"Jangan gegabah, nona. Lakukan seperti yang aku perintahkan. Penawar ini hanya satu, sebagaimana nyawamu." Kata Permaisuri Tiana sebelum ia memerintahkanku keluar dari kamarnya.
Aku pun kembali ke kamarmu, merenung sendiri. Berapa kali sudah aku ada dalam situasi hidup dan mati? Aku akan memberitahu semuanya pada Erwin. Aku sudah berjanji bahwa aku tak akan memberitahukan apapun padanya. Sekalipun risikonya adalah nyawaku sendiri.
Erwin kembali ke Istana dua hari kemudian. Dan sebagaimana biasa, ia mengundangku ke kamarnya.
"Nona, lihat apa yang aku bawakan untukmu. Oh tidak, maksudku... tutup matamu. Aku akan memberimu sebuah hadiah." Kata Erwin begitu aku ada di kamarnya.
Aku menutup mata.
Dan aku rasakan ia mengalungkan sesuatu ke leherku, sesuatu yang sangat dingin. Kemudian, ia menuntunku berjalan.
"Buka matamu." Katanya.
Di depan cermin, aku bisa melihat hadiah itu adalah sebuah kalung berwarna biru tua berkilauan, bersinar indah, berbentuk hati, yang tampaknya pernah aku lihat. Kalung ini sangat familiar rasanya, tetapi di mana ya aku pernah melihatnya? Aku lupa. Yang jelas, kalung ini sangat indah.
"Tahukah kau batu apa ini?"
"Berlian?

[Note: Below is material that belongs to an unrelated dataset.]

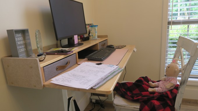 Yesterday morning before you left for school, I noticed your Warmies baby Gracie decided to try to help Mommy get a head start for work.
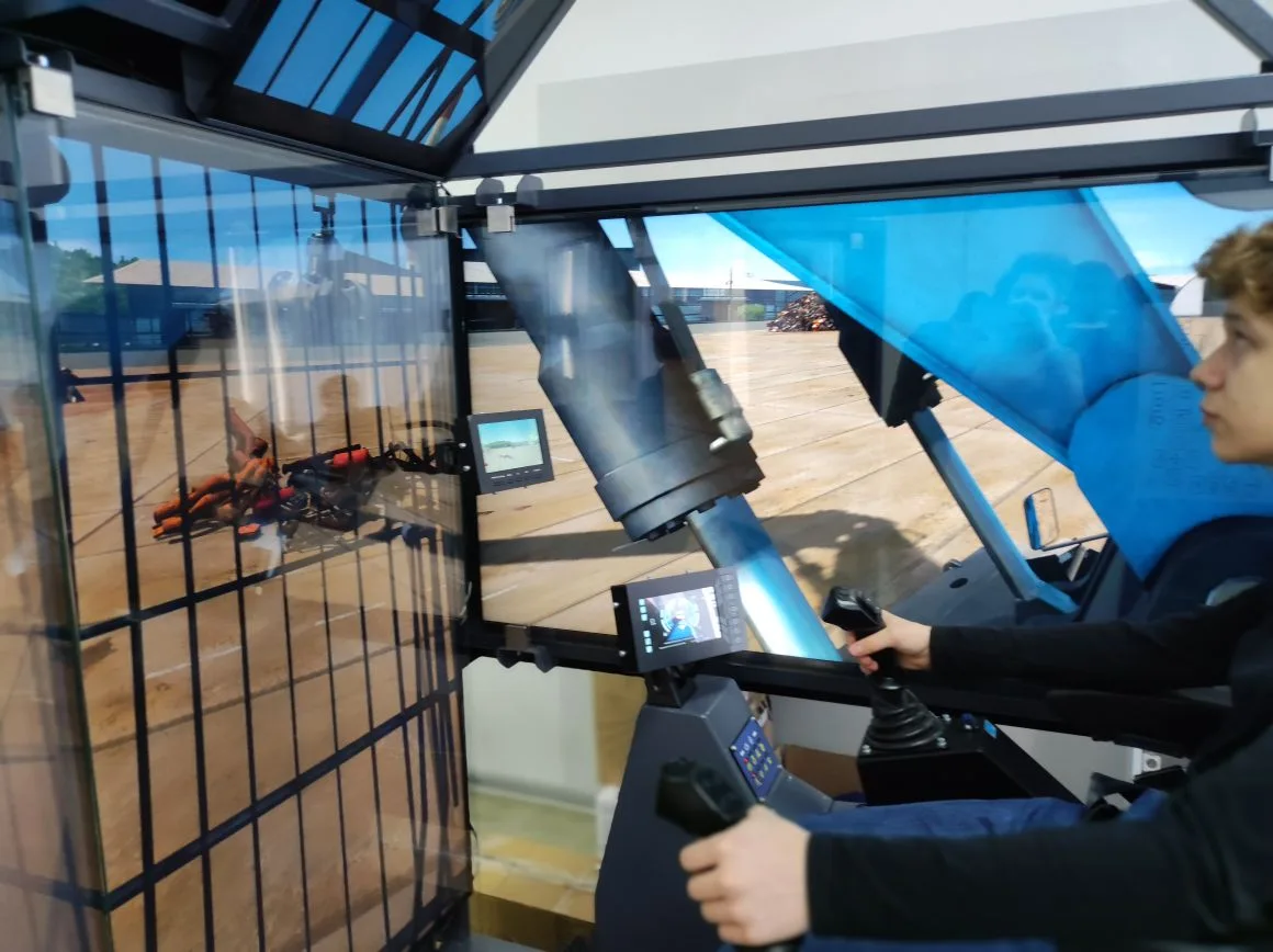 Тренажер мостового крана предназначен для машинистов крана, оснащен тремя мониторами, экранами, манипуляторами управления крюком и мостом, а тренажер перегружателя используется для отработки навыка перевалки лома. В нем есть педали, манипуляторы, кнопки, переключатели - всё, как в кабине машиниста.

Safir? Rubi? Zamrud?"
Aku menebak asal.
"Batu ini disebut batu bulan. Jauh lebih mahal dan yang paling langka di antara semua batu mulia. Mitosnya, batu ini hanya berasal dari sebuah benua misterius bernama Hargan. Aku memberikannya untukmu sebagai bukti cintaku."

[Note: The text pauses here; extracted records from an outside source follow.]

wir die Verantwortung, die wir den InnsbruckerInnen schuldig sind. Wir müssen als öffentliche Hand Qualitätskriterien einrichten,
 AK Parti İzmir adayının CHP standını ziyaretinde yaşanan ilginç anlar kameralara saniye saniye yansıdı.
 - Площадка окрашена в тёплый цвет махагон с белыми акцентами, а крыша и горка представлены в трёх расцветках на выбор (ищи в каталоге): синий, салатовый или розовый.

"Tapi, Erwin. Dari mana kau mendapatkannya?"
"Yah, aku sudah cerita kan tentang daerah paling timur dari benua ini yang memberontak dan memisahkan diri dari kerajaan? Kami berhasil menaklukannya kembali dalam misi kemarin. Dan aku menemukan ini di sana."
Aku tersenyum.
"Terima kasih banyak. Kau membuatku sangat senang, tetapi hadiah yang paling indah sesungguhnya adalah pulangnya engkau dengan selamat." Kataku sembari mengecup pipinya.
"Aku juga menemukan hal lain." Kata Erwin.

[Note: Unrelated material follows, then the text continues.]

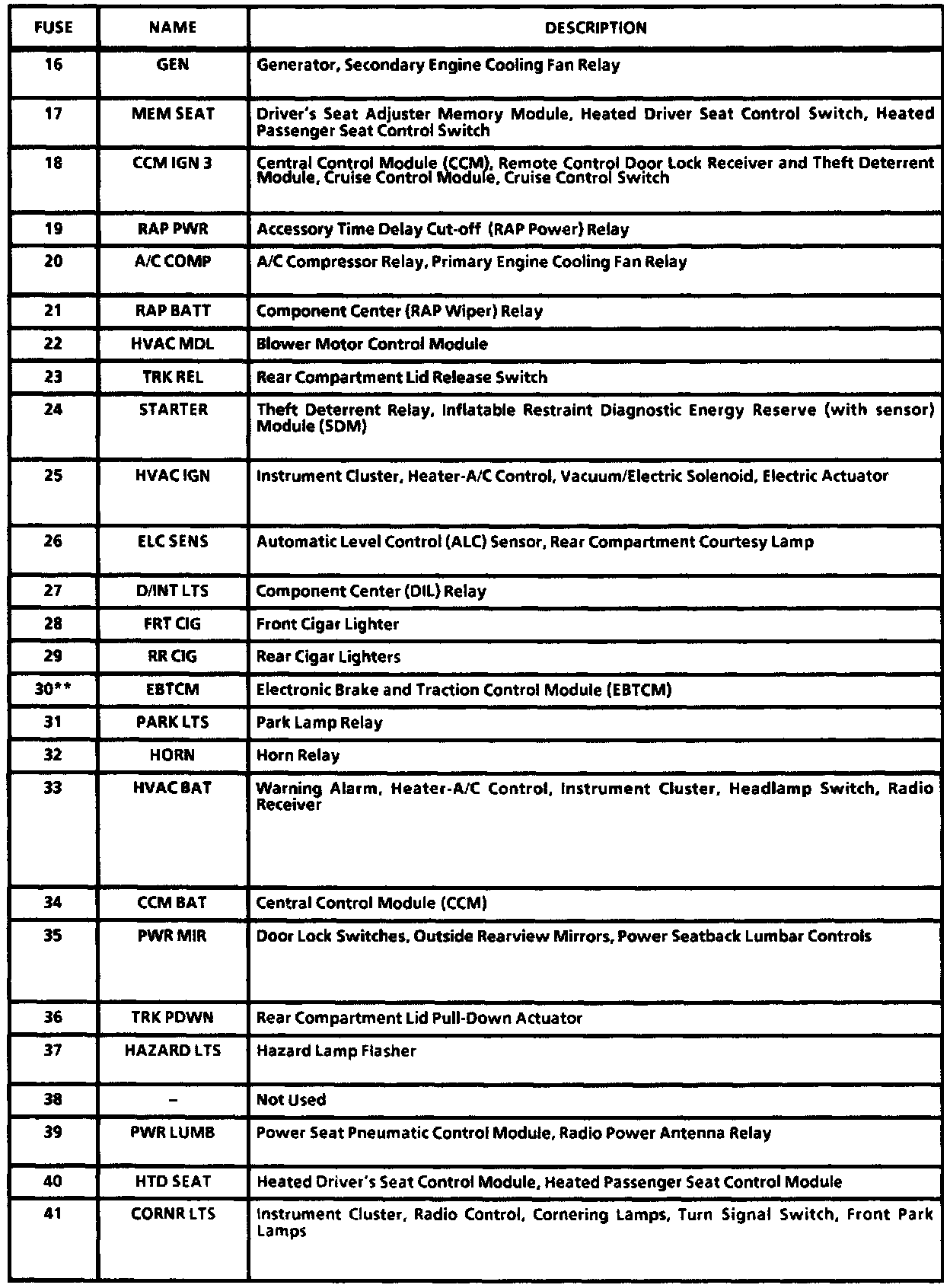 Instrument Panel (I/P) Fuse Block Details, Cont.:

Aku baru ingin memberitahu Erwin semua yang terjadi selama ia pergi. Tentang racun itu. Namun, aku belum mendapat kesempatan. Erwin kemudian membawaku ke sebuah ruangan tempat menyimpan barang-barang yang ia miliki. Tempat itu tak layak disebut gudang, sebab barang-barang yang disimpan adalah barang-barang mewah dan antik. Kebanyakan adalah pemberian kerajaan lain. Erwin menuntunku ke lukisan-lukisan yang tertutup kain putih. Lukisan-lukisan itu awalnya tak ada di sana.
"Jadi, selain batu bulan ini, kau juga menemukan lukisan-lukisan di sana?"
"Iya, nona. Dan ini lukisan sangat menarik."
Kain-kain putih yang menutup lukisan itu terbuka. Dan memang benar, lukisan itu "menarik" sebab lukisan itu berisi gambaran yang seorang lelaki dan wanita yang tampaknya sepasang kekasih. Lelaki di lukisan itu mirip Erwin dan si wanita punya rambut merah dan mata ungu, sepertiku. "Siapa mereka?" Tanyaku.
"Aku tidak tahu. Tapi bukankah mereka mirip kita?"
"Iya, haha. Mungkin kita reinkarnasi mereka?" Ujarku dengan nada candaan. "Tapi aku sungguh ingin tahu siapa perempuan ini. Aku menemukan begitu banyak lukisan dirinya saat aku kecil dulu. Lukisan itu sudah dimusnahkan ayahku, tetapi aku mengingatnya."
****
Malam itu, aku tak jadi memberitahu Erwin sebab ia tampak antusias menceritakan tentang misi yang berhasil ia selesaikan. Dan malam berikutnya, aku diundang ke acara makan malam bersama keluarga kerajaan.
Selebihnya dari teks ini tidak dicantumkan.